Column {.tabset data-width=350} 
-----------------------------------------------------------------------

### Research Questions

- Which predictors influence used car prices the strongest?

- Does including accident history and title status improve the model performance?

- Do exterior and Interior colors affect used car prices, or are these mostly just visual differences?

### Data Description {data-height=350}
**Source:** Kaggle (Used Car Prediction Dataset)

**Variables** 
- Price (listed sale price)

- Milage (mileage of the vehicle)

- Model_year (year manufactured)

- Brand (manufacturer)

- Model (car model)

- Accident (accident history)

- Clean_title (clean or salvage title)

- Exterior color 

- Interior color

Data Cleaning
===
Column {.tabset data-width=350} 
-----------------------------------------------------------------------

### Data Cleaning Steps
- **Removed non-numeric characters** from price and mileage columns such as "mi." and "$" by using the function `gsub()`.

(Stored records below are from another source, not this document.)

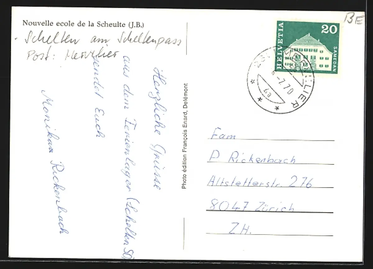 Personenbezogene Daten auf der Rückseite der Karte wurden durch blauen Textmarker unkenntlich gemacht. Die blauen Stellen sind auf die Vorderseite durchgeweicht und wirken sich negativ auf das Postkartenfoto aus
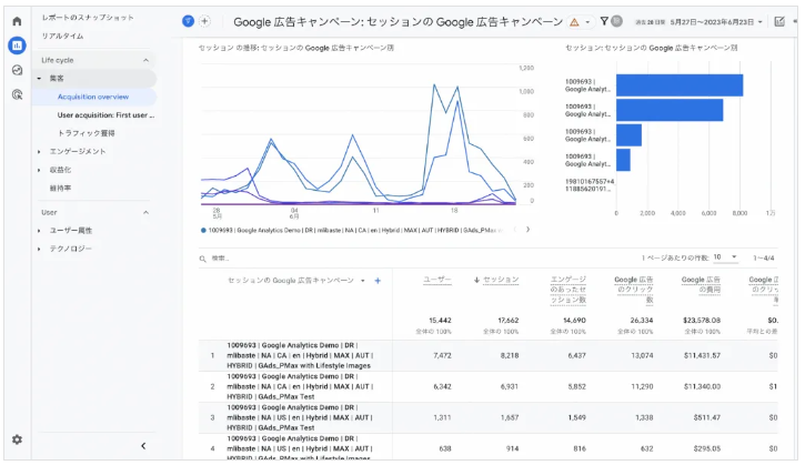 「Google広告キャンペーン」のページが開き、Google広告キャンペーンごとのユーザー数、セッション数などが確認できます。
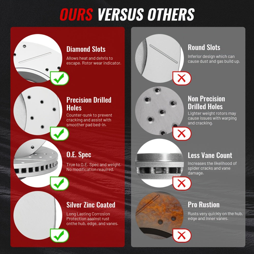 Front Drilled Brake Disc Rotors + Ceramic Brake Pads Kit For Chevrolet Equinox 2010 - 2017, For Chevrolet Impala 2017 - 2020, For Gmc Terrain 2010 - 2017, For Buick Allure 2010
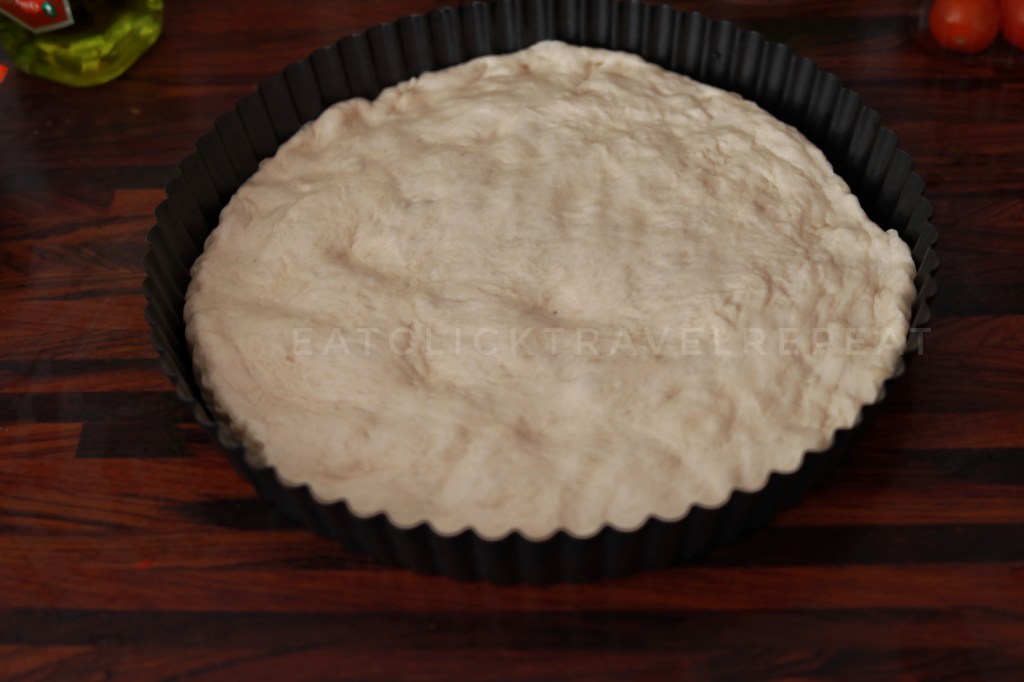 • Before I spread the dough, I applied a little bit of olive oil at the base of the pan I am going to use for baking. I chose a circular pan, since that’s what I had, though ideally Focaccia are made in rectangular pans.
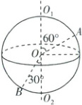 11.B [解析]过$A$、$B$分别向$O$、$O_2$作垂线,与$O$、$O_2$的交点即为$A$、$B$做圆周运动的圆心,向心加速度指向圆心而非球心,D错误;$A$、$B$两点均绕$O$、$O_2$转动,具有相同的角速度,由几何知识知,$A$的转动半径大,由$v = \omega r$知,$A$的线速度大,由$a = \omega^2 r$知,$A$的向心加速度大,A、C错误,B正确。

- **Filtered extreme outliers** in variables price, mileage, and model_year by using the function `filter()` to filter out all vehicles that were over 200,000 USD, over 300,000 miles, and produced before the year 1990.

- **Reduced categorical complexity** by lumping rare brands and models into an overall "other" category. The data set contained many unique brands and 1898 unique model names which made making a clean looking graph impossible. By using the function `fct_lump_n()`, I was able to reduce the noise on the x-axis and allow for the model to focus on the more important and consistent brands and models.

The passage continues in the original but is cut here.